Instructor: Prof. Arya Mazumdar

This course covered key data science algorithms across four core areas: Dimensionality Reduction, Clustering, Streaming Algorithms, and Optimization. It emphasized mathematical foundations through derivations and proofs, providing a deeper understanding of these techniques.

  • Dimensionality Reduction: Learned about SVD, low-rank approxiimations and PCA algorithms. There are two major ways to find the singular vectors: one is the power method and the other is the greedy approach. HITS algorithm (used for ranking webpages according to a term) is essentially SVD on the web. Also learned about the Pagerank algorithm, based on the markov chain model.
  • Hashing: The goal is to find similar queries in a high-dimensional space. We use hashing to replace large sets/docs by much smaller representations called signatures. One of the prominent techniques used to compute signatures is Minhashing. Another way to find similar queries is using the the Locality Sensitive Hashing (LSH), where the key idea is to hash the items several times such that similar items are more likely to be hashed in the same bucket than dissimilar items.
  • Data Streaming: Learned about practical algorithms like the Bloom Filter (used for spam filtering), Flajolet Martin algorithm (used for finding the #distinct_items in a stream) and Count-min sketch (used for estimating the frequencies of items in a stream). These methods address constraints related to memory limitations, storage availability, and real-time processing demands. CMS is used in Pandas and some of the famous attention algorithms like Hyper-attention.
  • Clustering: Learned about center-based clustering methods like: k-center, k-median, and k-means clustering. Learned about K-means++, which is a better initialization strategy for the Lloyds algorithm. It uses FT (Farthest Travel) algorithm for initialization (can be fooled by outliers). Prof also talked about the spectral clustering algorithm in great depth and its applications in finding clusters in social networks and communities of interest.
  • Optimization and ML: Had a revisit of some of the supervised learning algorithms like the Perceptron algorithm, SVM, optimization algorithms like GD, SGD and learned about the analysis of their convergence.
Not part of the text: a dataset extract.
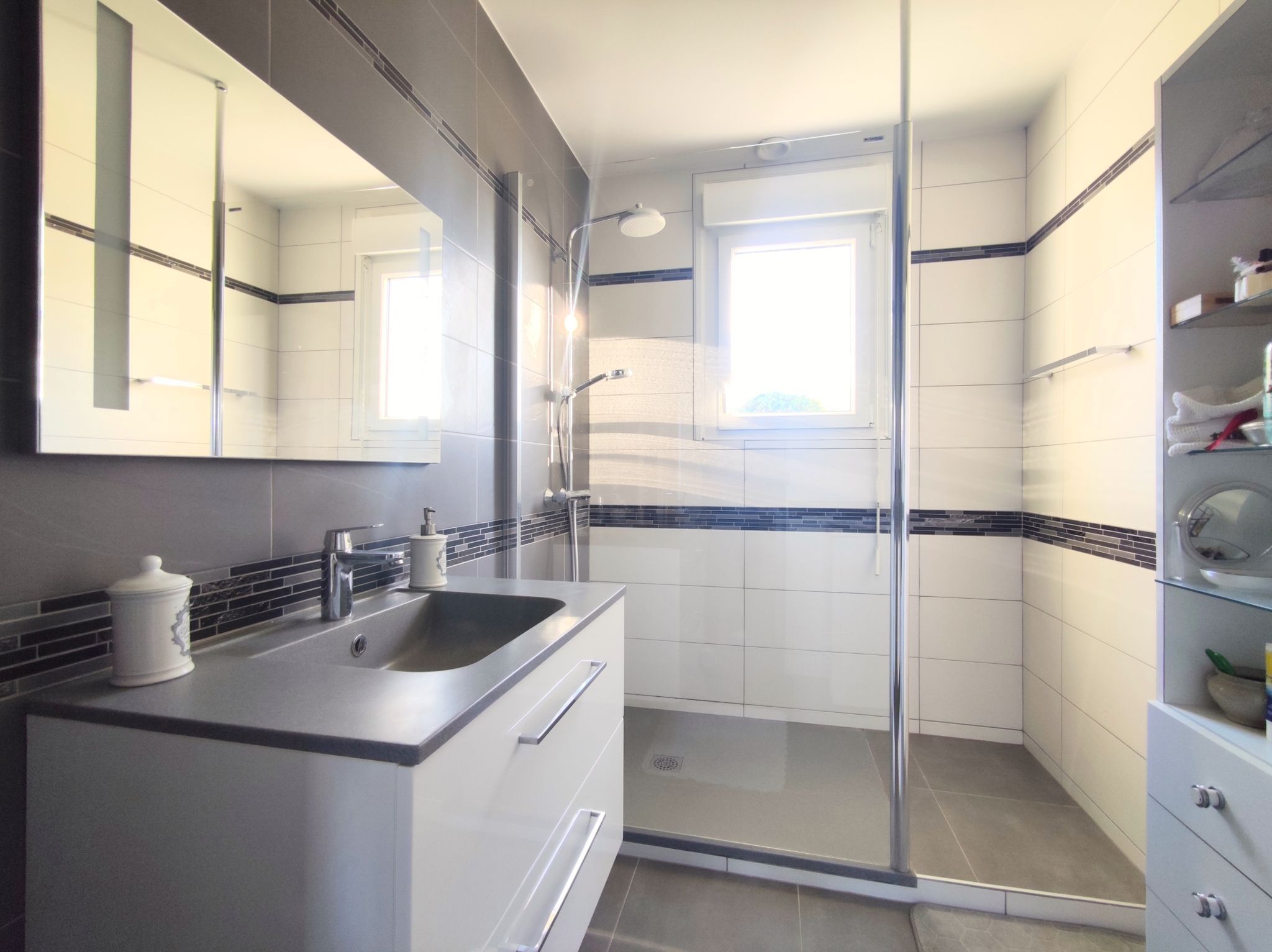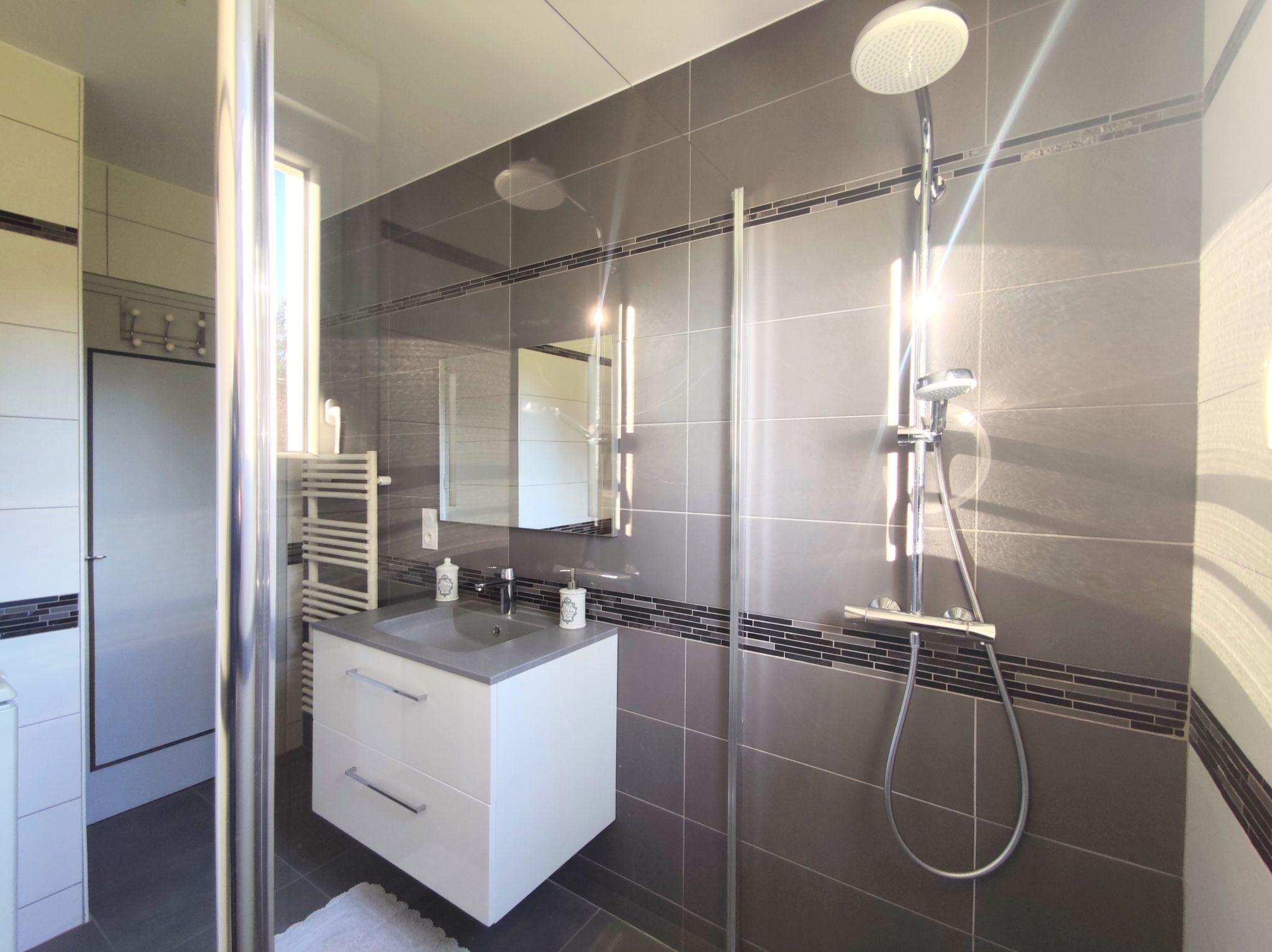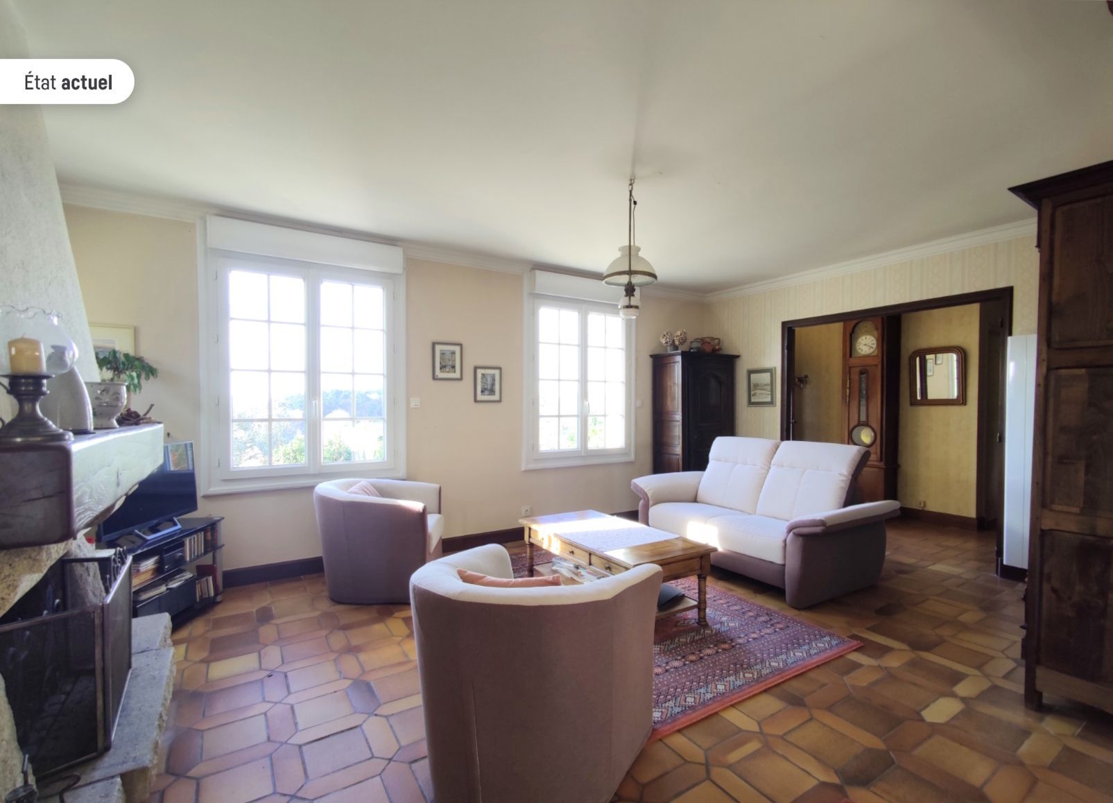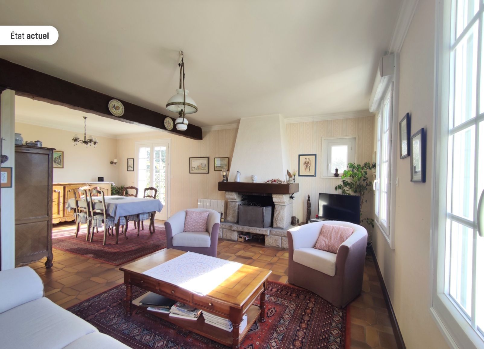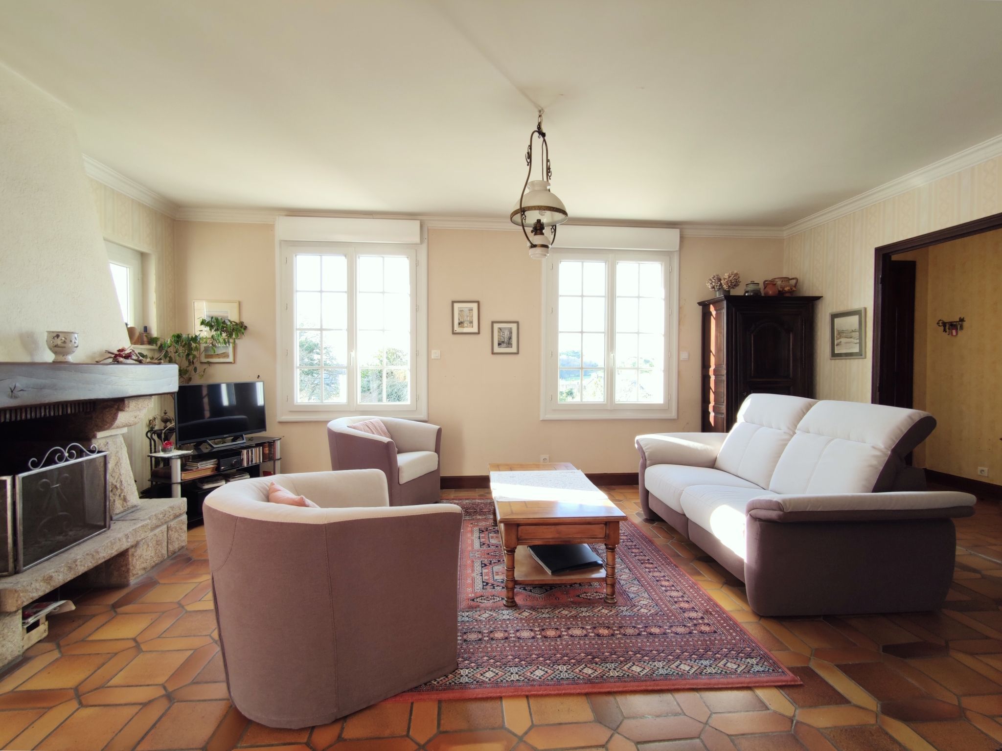 Sur un terrain de 1500m2, maison avec vue mer de 140m2 habitables de 5 chambres avec grand garage de 66m2 et terrasse au sud de 70m2.
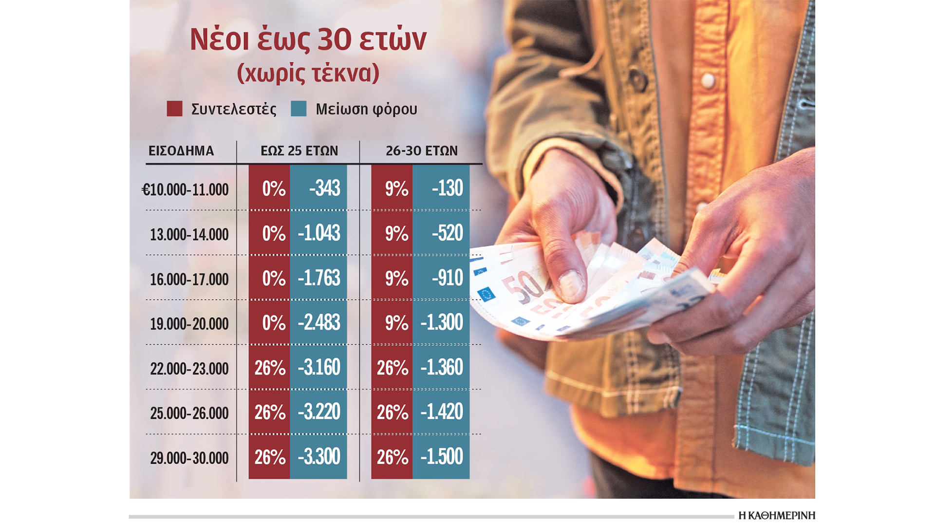Για εργαζομένους έως 25 ετών το όφελος ισοδυναμεί σχεδόν με δύο μισθούς, καθώς η μείωση φόρου κυμαίνεται από 343 ευρώ (για άτομα με το ελάχιστο εισόδημα, 10.000-11.000 ευρώ) έως 2.483 ευρώ (για όσους βρίσκονται στο ανώτερο «σκαλοπάτι» και κερδίζουν 19.000-20.000 ευρώ).

Few key-takeways to remember:
  • PCA is just a special case of SVD where we stop at the first signular vector.
  • In HITS algorithm, each webpage is composed of two different kinds of scores: Hubs and Authorities.
  • When using minhash signatures, the similarity between two sets (in high dimension) = similarity between their signature vectors.
  • Why we need LSH when we already have minhash? Even though the signature length per doc is small, the possible combination of pairs is huge and it will take weeks to compute the similarity between signatures.
  • Data Streaming algorithms are based on the idea that approximate solutions might be faster than exact solutions.
  • K-means is an NP-hard optimization problem in itself. In practice Lloyd's algorithm is used, which results in an equivalent surrogate loss function. This algorithm always coverges to a local minima of the cost.

winter 2025